Fig. 14 Example of 8 ranks without (left) and with (right) MPMD. The PME communication (red arrows) is much higher on the left than on the right. For MPMD additional PP - PME coordinate and force communication (blue arrows) is required, but the total communication complexity is lower.

mdrun will by default interleave the PP and PME ranks. If the ranks are not number consecutively inside the machines, one might want to use mdrun -ddorder pp_pme.

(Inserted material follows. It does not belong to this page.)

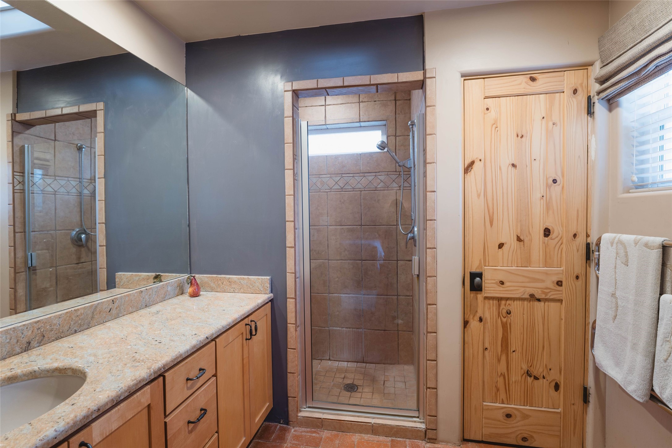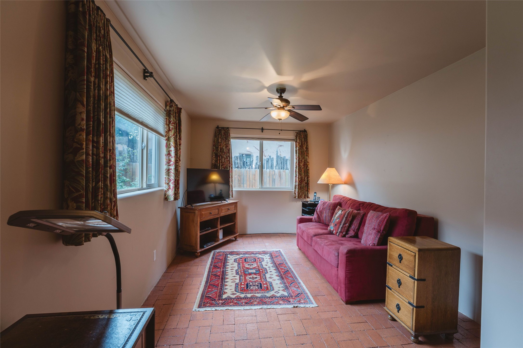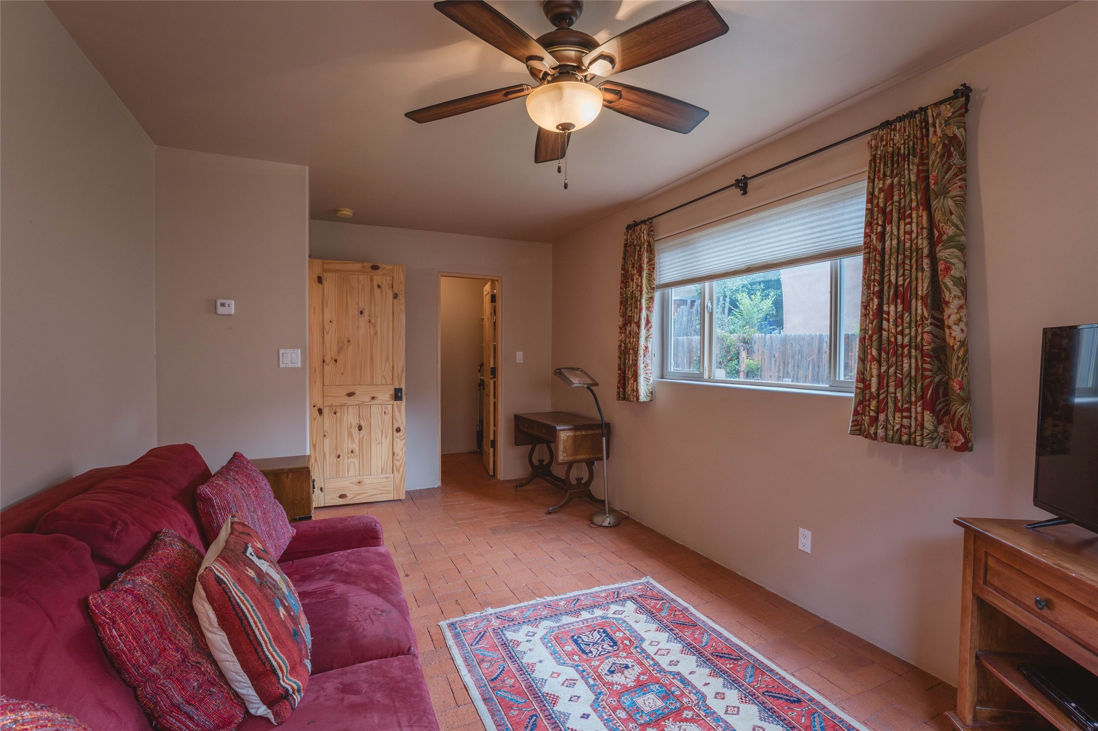 A rare opportunity in one of Santa Fe's historic areas: a newer home, built in 2004, offering modern convenience in one of the city's most desirable neighborhoods. Situated at 109 Candelario Street, this 3-bedroom, 2-bath residence spans 1,472 square feet and blends contemporary living with classic Santa Fe style. Inside, soaring viga ceilings, brick floors, and a kiva fireplace define the open living space. The kitchen features granite countertops, ample cabinetry, stainless steel appliances, and a spacious island. Radiant in-floor heating and a mini-split cooling system ensure year-round comfort. The primary suite offers privacy and an en-suite bath with a walk-in shower. Additional bedrooms are versatile, perfect for guests, a home office, or a creative space. Both bathrooms showcase artisanal tile details that reflect Santa Fe's character. Outdoors, enjoy a private walled courtyard with garden beds, brick patios, and areas for entertaining or relaxing. The one-car garage offers secure parking or can serve as a studio or workshop, conveniently located close to downtown. All of this is located just minutes from the Plaza, Canyon Road, and Santa Fe's galleries, restaurants, and cultural attractions. Opportunities like this are rare newer construction in a historic location with modern systems and flexible living space. Schedule your private showing today.

For machines with a real 3-D torus and proper communication software that assigns the ranks accordingly one should use mdrun -ddorder cartesian.

To optimize the performance one should usually set up the cut-offs and the PME grid such that the PME load is 25 to 33% of the total calculation load. grompp will print an estimate for this load at the end and also mdrun calculates the same estimate to determine the optimal number of PME ranks to use. For high parallelization it might be worthwhile to optimize the PME load with the mdp settings and/or the number of PME ranks with the -npme option of mdrun. For changing the electrostatics settings it is useful to know the accuracy of the electrostatics remains nearly constant when the Coulomb cut-off and the PME grid spacing are scaled by the same factor. Note that it is usually better to overestimate than to underestimate the number of PME ranks, since the number of PME ranks is smaller than the number of PP ranks, which leads to less total waiting time.

The PME domain decomposition can be 1-D or 2-D along the \(x\) and/or \(y\) axis. 2-D decomposition is also known as pencil decomposition because of the shape of the domains at high parallelization. 1-D decomposition along the \(y\) axis can only be used when the PP decomposition has only 1 domain along \(x\). 2-D PME decomposition has to have the number of domains along \(x\) equal to the number of the PP decomposition. mdrun automatically chooses 1-D or 2-D PME decomposition (when possible with the total given number of ranks), based on the minimum amount of communication for the coordinate redistribution in PME plus the communication for the grid overlap and transposes. To avoid superfluous communication of coordinates and forces between the PP and PME ranks, the number of DD cells in the \(x\) direction should ideally be the same or a multiple of the number of PME ranks. By default, mdrun takes care of this issue.

Domain decomposition flow chart

In Fig. 15 a flow chart is shown for domain decomposition with all possible communication for different algorithms. For simpler simulations, the same flow chart applies, without the algorithms and communication for the algorithms that are not used.

../../_images/flowchart.png

Fig. 15 Flow chart showing the algorithms and communication (arrows) for a standard MD simulation with virtual sites, constraints and separate PME-mesh ranks.